* Exercise brief
Omit all pictures, and print word for word only the lines from the one containing "Detalles del productoPatines" through the end of the data.

======== Data for processing ========

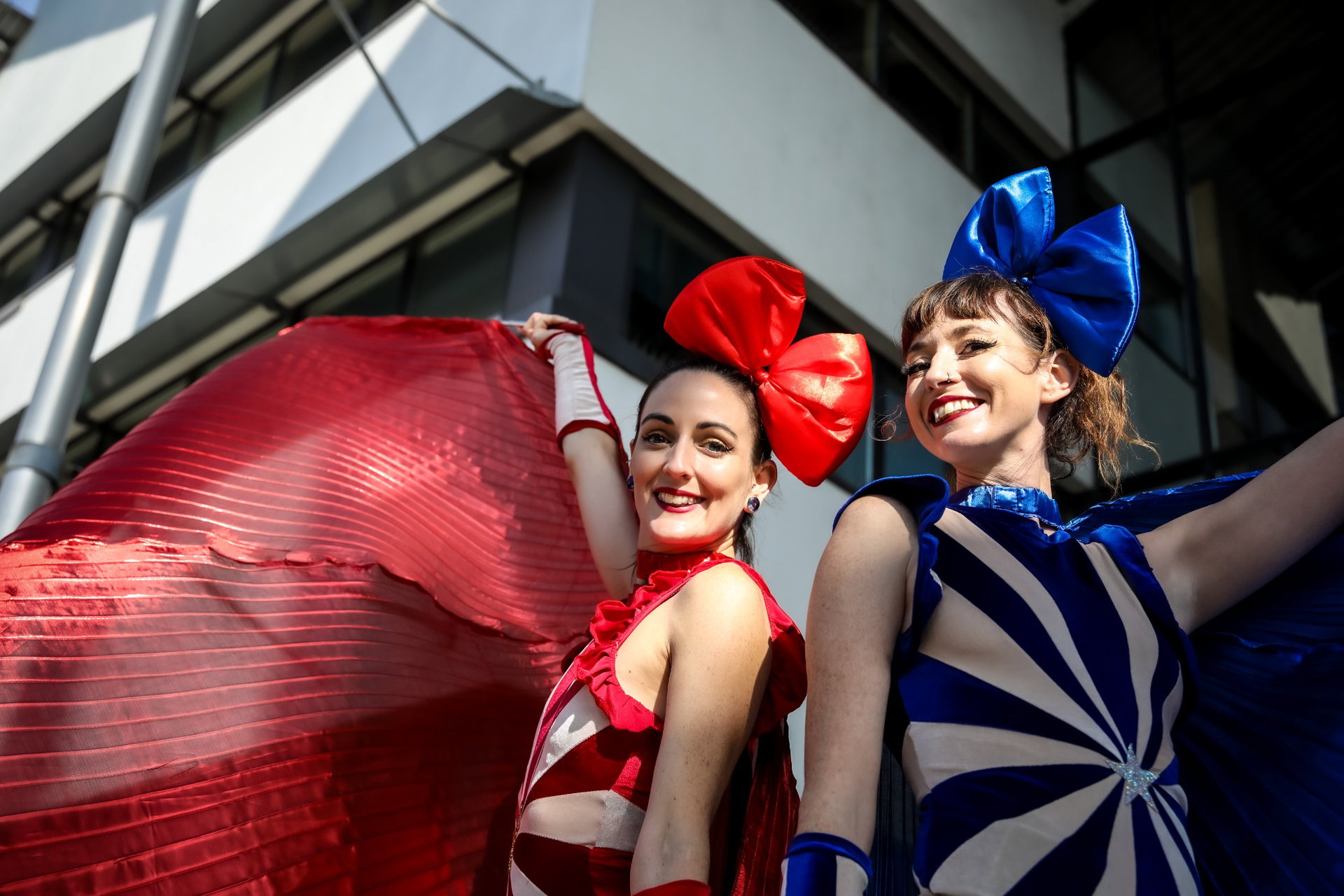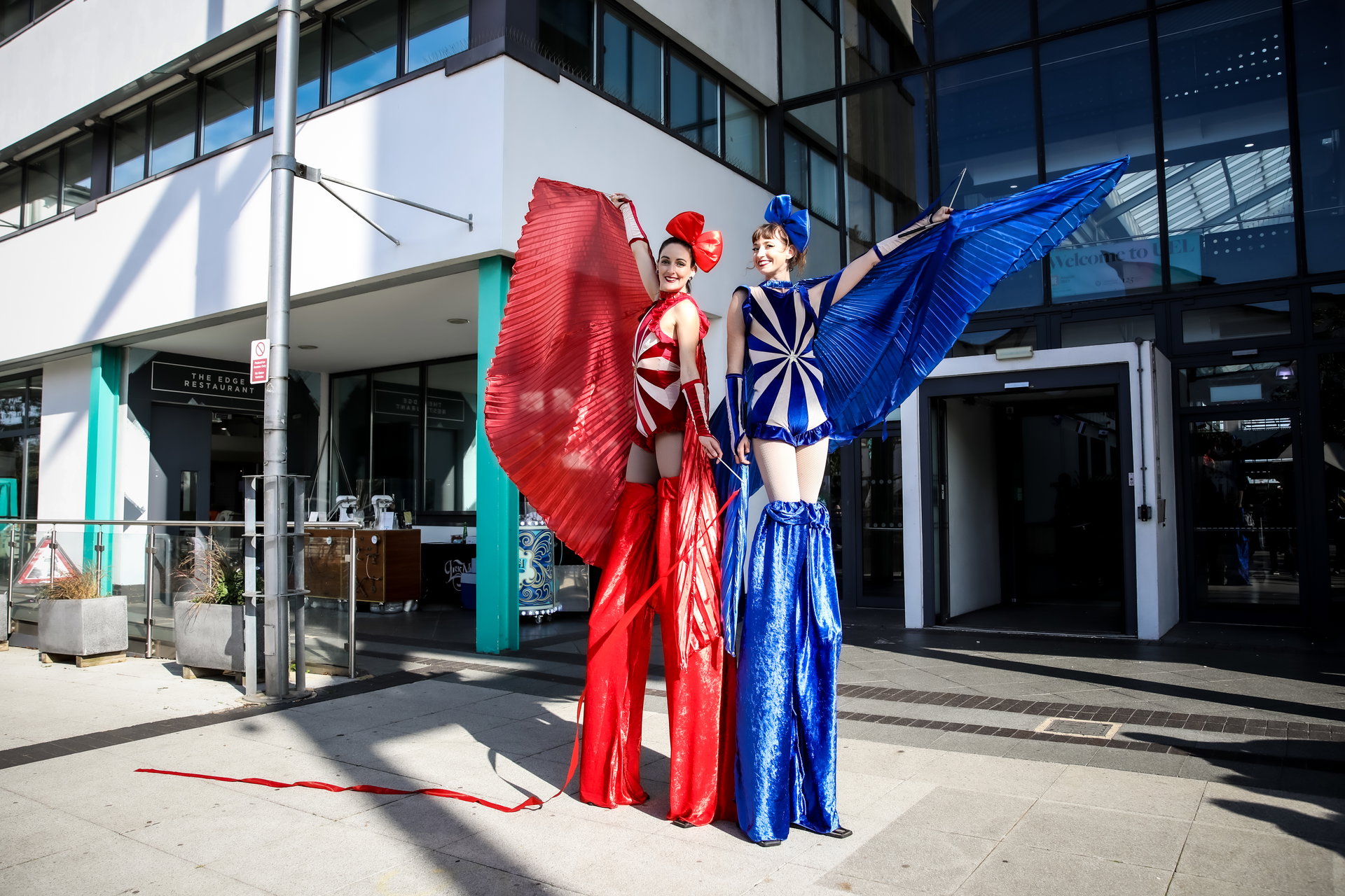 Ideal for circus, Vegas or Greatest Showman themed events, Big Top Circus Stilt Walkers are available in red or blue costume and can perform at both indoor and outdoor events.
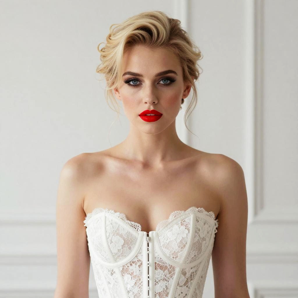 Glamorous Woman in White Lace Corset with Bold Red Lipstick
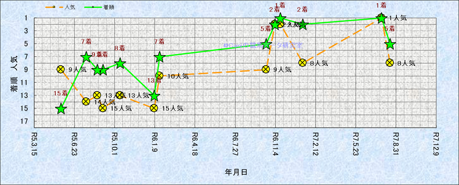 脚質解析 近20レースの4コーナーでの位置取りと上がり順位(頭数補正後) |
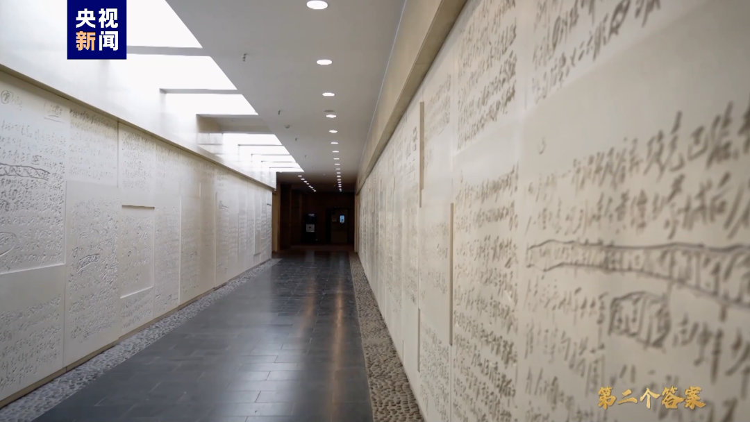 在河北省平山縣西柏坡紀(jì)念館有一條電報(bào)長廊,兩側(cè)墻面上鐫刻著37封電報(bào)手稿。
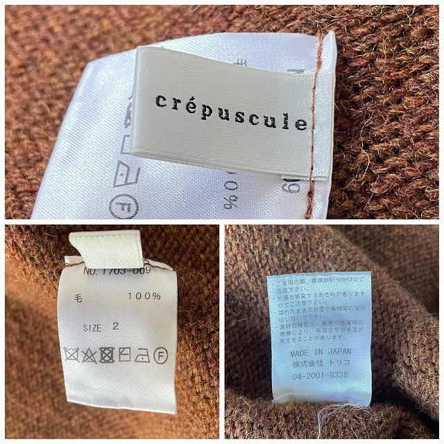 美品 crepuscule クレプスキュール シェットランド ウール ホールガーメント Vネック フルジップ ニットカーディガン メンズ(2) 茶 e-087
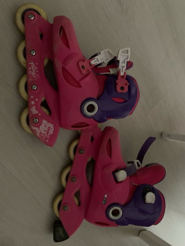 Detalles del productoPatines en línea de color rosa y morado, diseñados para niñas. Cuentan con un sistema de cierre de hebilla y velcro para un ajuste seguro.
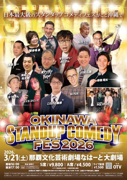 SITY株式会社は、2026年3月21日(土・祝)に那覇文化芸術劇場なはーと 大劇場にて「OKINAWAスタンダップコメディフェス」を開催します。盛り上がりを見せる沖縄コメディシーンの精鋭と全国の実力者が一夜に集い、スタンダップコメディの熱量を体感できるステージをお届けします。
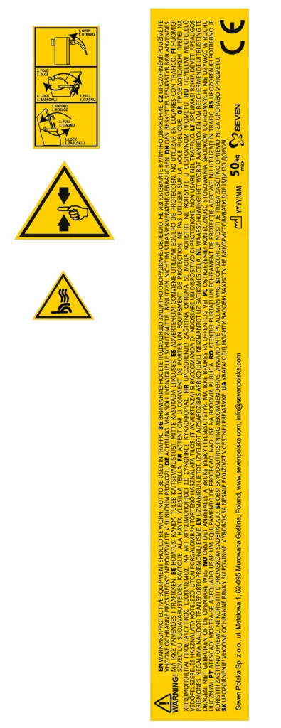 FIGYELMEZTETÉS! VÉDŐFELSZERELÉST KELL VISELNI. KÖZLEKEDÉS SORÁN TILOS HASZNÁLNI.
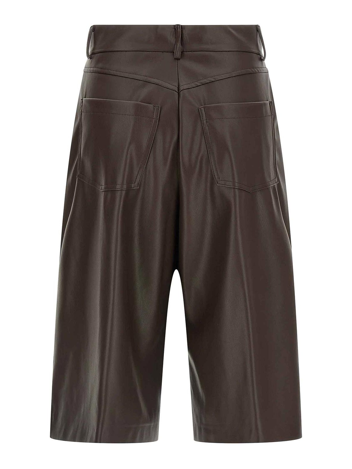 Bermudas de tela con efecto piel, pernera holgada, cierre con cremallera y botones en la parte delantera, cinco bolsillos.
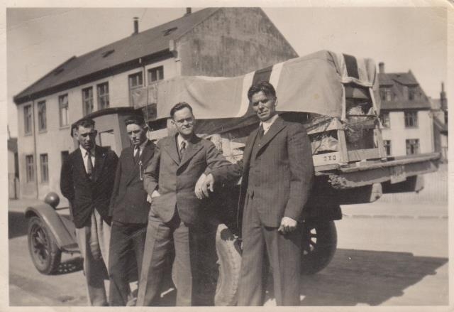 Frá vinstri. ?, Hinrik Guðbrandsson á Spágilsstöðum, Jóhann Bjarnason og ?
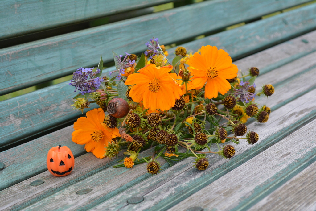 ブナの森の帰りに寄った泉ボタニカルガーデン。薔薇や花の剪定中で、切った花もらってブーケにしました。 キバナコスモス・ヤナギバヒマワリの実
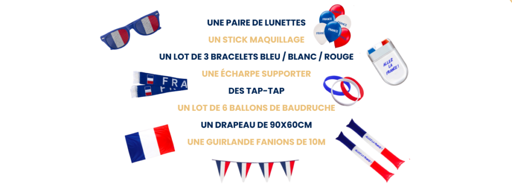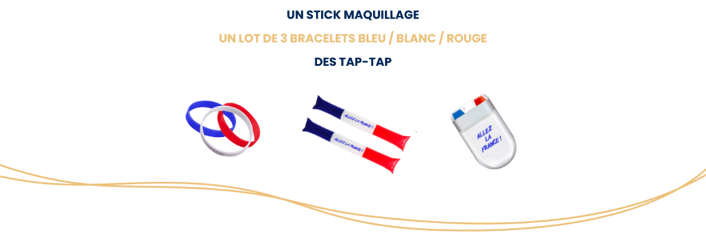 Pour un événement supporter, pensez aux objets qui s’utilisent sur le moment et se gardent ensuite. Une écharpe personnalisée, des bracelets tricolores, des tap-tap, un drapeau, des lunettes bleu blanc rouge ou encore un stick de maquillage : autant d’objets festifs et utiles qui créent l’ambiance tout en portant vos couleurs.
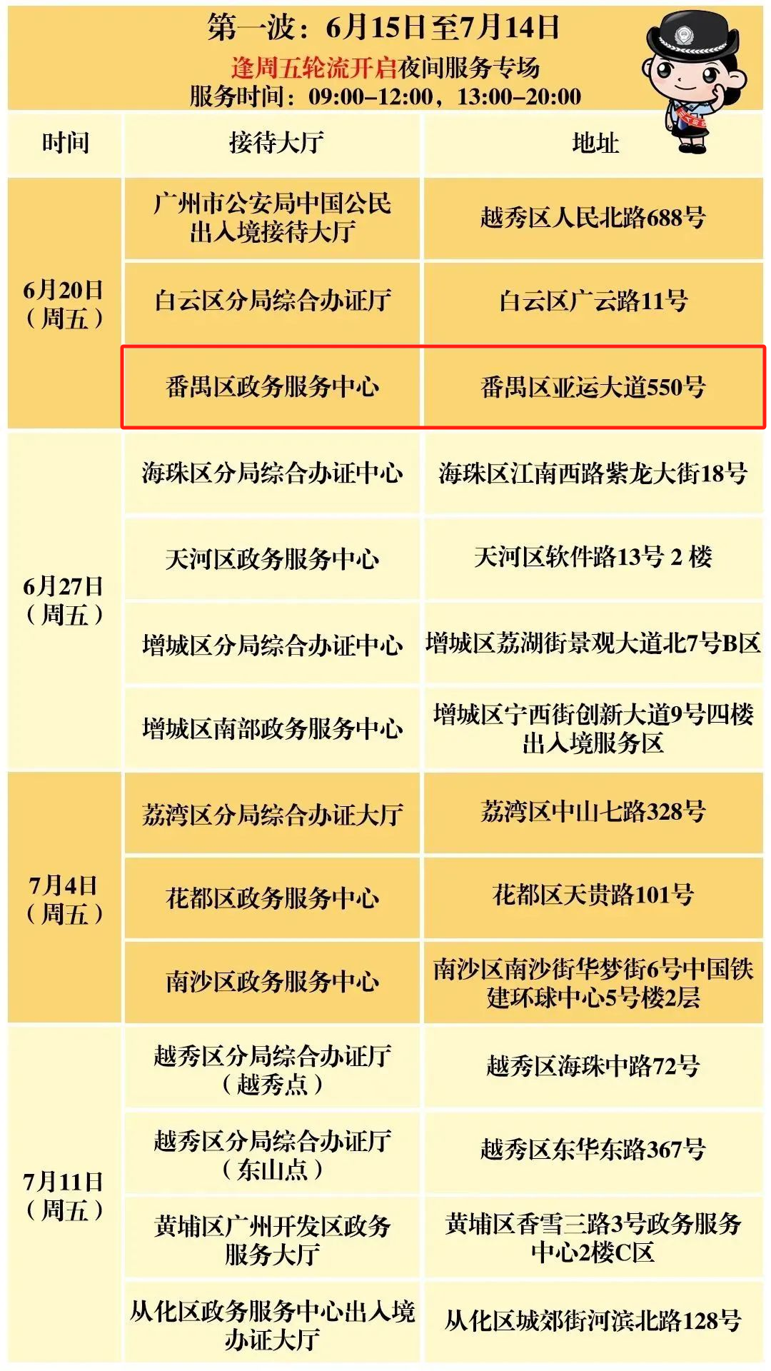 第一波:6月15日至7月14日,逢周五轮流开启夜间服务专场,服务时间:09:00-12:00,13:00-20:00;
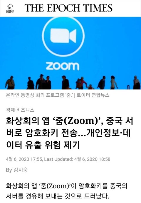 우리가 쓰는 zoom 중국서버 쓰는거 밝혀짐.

========

* Problem solution
 Detalles del productoPatines en línea de color rosa y morado, diseñados para niñas. Cuentan con un sistema de cierre de hebilla y velcro para un ajuste seguro.
 SITY株式会社は、2026年3月21日(土・祝)に那覇文化芸術劇場なはーと 大劇場にて「OKINAWAスタンダップコメディフェス」を開催します。盛り上がりを見せる沖縄コメディシーンの精鋭と全国の実力者が一夜に集い、スタンダップコメディの熱量を体感できるステージをお届けします。
 FIGYELMEZTETÉS! VÉDŐFELSZERELÉST KELL VISELNI. KÖZLEKEDÉS SORÁN TILOS HASZNÁLNI.
 Bermudas de tela con efecto piel, pernera holgada, cierre con cremallera y botones en la parte delantera, cinco bolsillos.
 Frá vinstri. ?, Hinrik Guðbrandsson á Spágilsstöðum, Jóhann Bjarnason og ?
 ブナの森の帰りに寄った泉ボタニカルガーデン。薔薇や花の剪定中で、切った花もらってブーケにしました。 キバナコスモス・ヤナギバヒマワリの実
 Pour un événement supporter, pensez aux objets qui s’utilisent sur le moment et se gardent ensuite. Une écharpe personnalisée, des bracelets tricolores, des tap-tap, un drapeau, des lunettes bleu blanc rouge ou encore un stick de maquillage : autant d’objets festifs et utiles qui créent l’ambiance tout en portant vos couleurs.
 第一波:6月15日至7月14日,逢周五轮流开启夜间服务专场,服务时间:09:00-12:00,13:00-20:00;
 우리가 쓰는 zoom 중국서버 쓰는거 밝혀짐.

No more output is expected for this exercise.